The very considerable advantage of being precise about a) the power of the disciplines to contain the influence of area studies and set the conditions of work, and b) the very particular power of economics to opt out altogether from the beginning, is that we do not now identify failures with the area studies establishment itself (the SSRC committee, the Title VI Centers, Africanists in general), as some seem to want to do. We stand to undermine invaluable resources, with no guarantee whatsoever that they would be replaced at all, let alone by something better.
Before moving on, I want to ruminate about the effect of computer technology in some disciplines versus others. Over the past fifteen years economics and political science have embraced modelling, and if they move into intellectual space afforded by international studies, we who specialize in "context sensitive" research (to use Pearl Robinson's term) need to envisage some form of collaboration.

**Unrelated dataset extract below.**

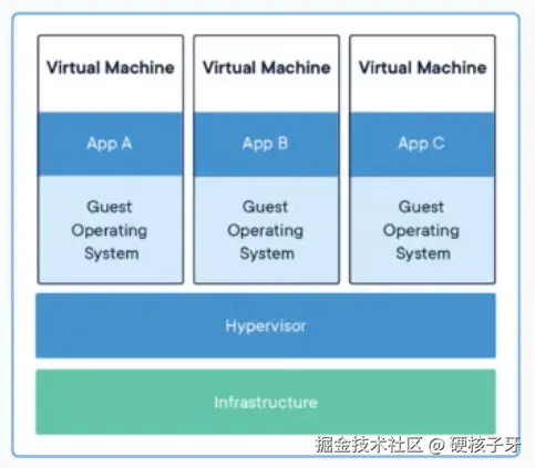 docker虽然给人的感觉是虚拟机,但是它运行的不是一个完整的操作系统,它运行的更像是一个个应用

I have been convinced that this is potentially a good thing: by difficulties in my own research and by listening to natural scientists describe how modelling has allowed formerly unimaginable cross-disciplinary work on complex ecological systems. But it may need managing in order to be maximally fruitful and to avoid such eventualities as the total takeover of the agenda by the single discipline of economics, as happened, for example with the journal Economic Development and Cultural Change, which was started by anthropologists and is now entirely economics; or (as I understand it) with the near-complete scoop of new NSF money for environmental studies by economists. If this happened-as it could, without the link to a strong and continuing area studies tradition- international studies and area studies would simply become a new incarnation of the two sides of the old and dire opposition between quantitative and qualitative research, between universalizing and particularizing disciplines. The logic is a strong one. International Studies, as a forum for coming to grips with global forces, could well become a staging ground for the same universalizing economics that avoided engaging with area studies in the past.
Area studies might then become what it already is edging towards: the academic incarnation of our national bilateralism, where each area belongs to its own constituency and generates a form of local knowledge, by, for and about "the people." It almost goes without saying that I think this would represent another lost opportunity in the apparently endless quest for genuine internationalization of American scholarship. It can be that, and to some degree should and certainly will be that, as national life becomes more and more privatized. But both endeavors can be much more if they are not pitted against one another, or mutually accommodated through a simple but intellectually negative disciplinary division of labor between economics and political science on the one side and history and anthropology on the other.
What better possibilities are there? The increased possibilities for comparison and the study of global forces that an International Studies infrastructure offers are only one step forward. The real opportunity for both is a vigorous expansion of the interdisciplinary frontiers that became rather cemented in the "core disciplines" approach of the area studies tradition. Our most strategic resource is the small cadre of younger economists, political scientists and specialists in climate change, remote sensing and international migration, who know both some area studies and modelling techniques. They are our first cohort of scholars to be methodologically polyvalent, convinced of the importance of context-sensitivity and also ready to address some of the analytical and philosophical issues that my African colleague pointed out. To have made it through the disciplinary ranks under present conditions is a tribute to their talent rather than to any conviction about the value of contextual work on the part of the disciplines.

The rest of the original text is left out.